I've scratched something very basic. I've created models.py with the example in peewee's README.md:

from peewee import *
import datetime
db = SqliteDatabase('my_database.db', threadlocals=True)
class BaseModel(Model):
 class Meta:
 database = db
class User(BaseModel):
 username = CharField(unique=True)
class Tweet(BaseModel):
 user = ForeignKeyField(User, related_name='tweets')
 message = TextField()
 created_date = DateTimeField(default=datetime.datetime.now)
 is_published = BooleanField(default=True)
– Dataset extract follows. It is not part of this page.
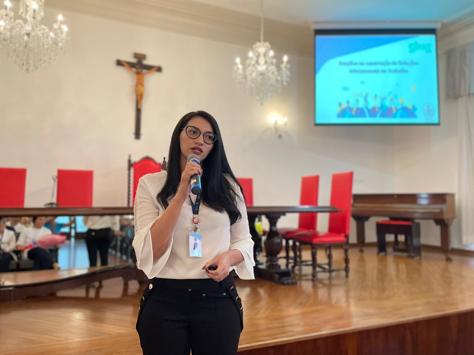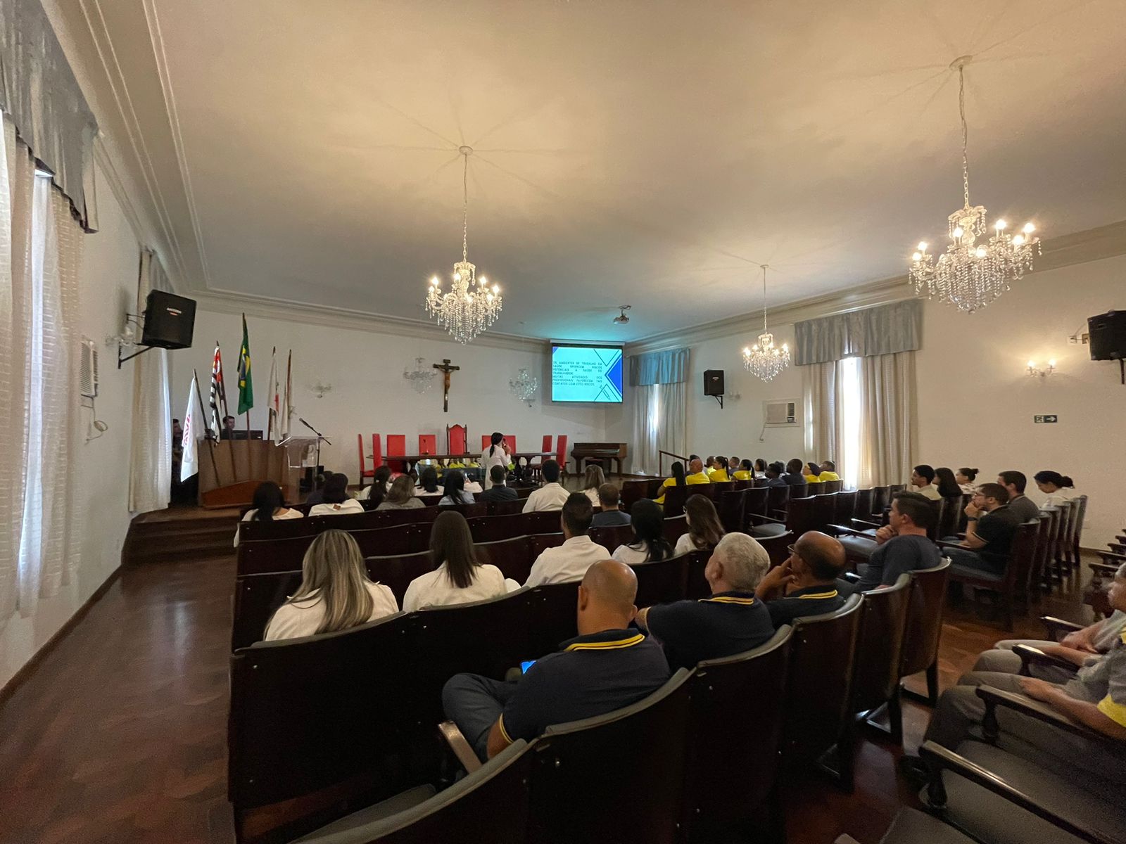 Na sequência, foi a vez da analista de RH, Ana Paula Moyano, falar dos desafios da construção de relações interpessoais no trabalho, e destacou a importância da ética profissional e comunicação assertiva. O assunto foi finalizado com uma dinâmica de grupo, onde os maus pensamentos deveriam ser soprados em uma bexiga escura, a qual teria como destino o lixo. Já os pensamentos e palavras positivas foram soprados em uma bexiga colorida, a qual deveria ser jogada no ar e compartilhada com os presentes. O momento lúdico alegrou o consistório e divertiu a todos com a brincadeira.

And here is a simple script that imports it and create Go code:

import peewee
def enumerate_models():
 import models
 for name in dir(models):
 item = getattr(models, name)
 if isinstance(item, type) and issubclass(item, models.BaseModel) and item != models.BaseModel:
 yield item
def model_fields(model):
 for name in dir(model):
 item = getattr(model, name)
 if isinstance(item, peewee.Field):
 yield name, item
def field_go_type(field_spec):
 return {
 peewee.PrimaryKeyField: 'uint',
 peewee.ForeignKeyField: 'uint',
 peewee.TextField: 'string',
 peewee.CharField: 'string',
 peewee.DateTimeField: 'time.Time',
 peewee.BooleanField: 'bool',
 }.get(type(field_spec), '?%s?' % type(field_spec))
for model in enumerate_models():
 print('type' ,model.__name__, 'struct {')
 for field_name, field_spec in model_fields(model):
 field_go_decleration = []
 field_go_decleration.append(field_name)
 field_go_decleration.append(field_go_type(field_spec))
 print('\t' + ' '.join(field_go_decleration))
 print('}')

It's output:

type Tweet struct {
 created_date time.Time
 id uint
 is_published bool
 message string
 user uint
}
type User struct {
 id uint
 username string
}

My script still needs more work to add the annotations, but you get the basic idea.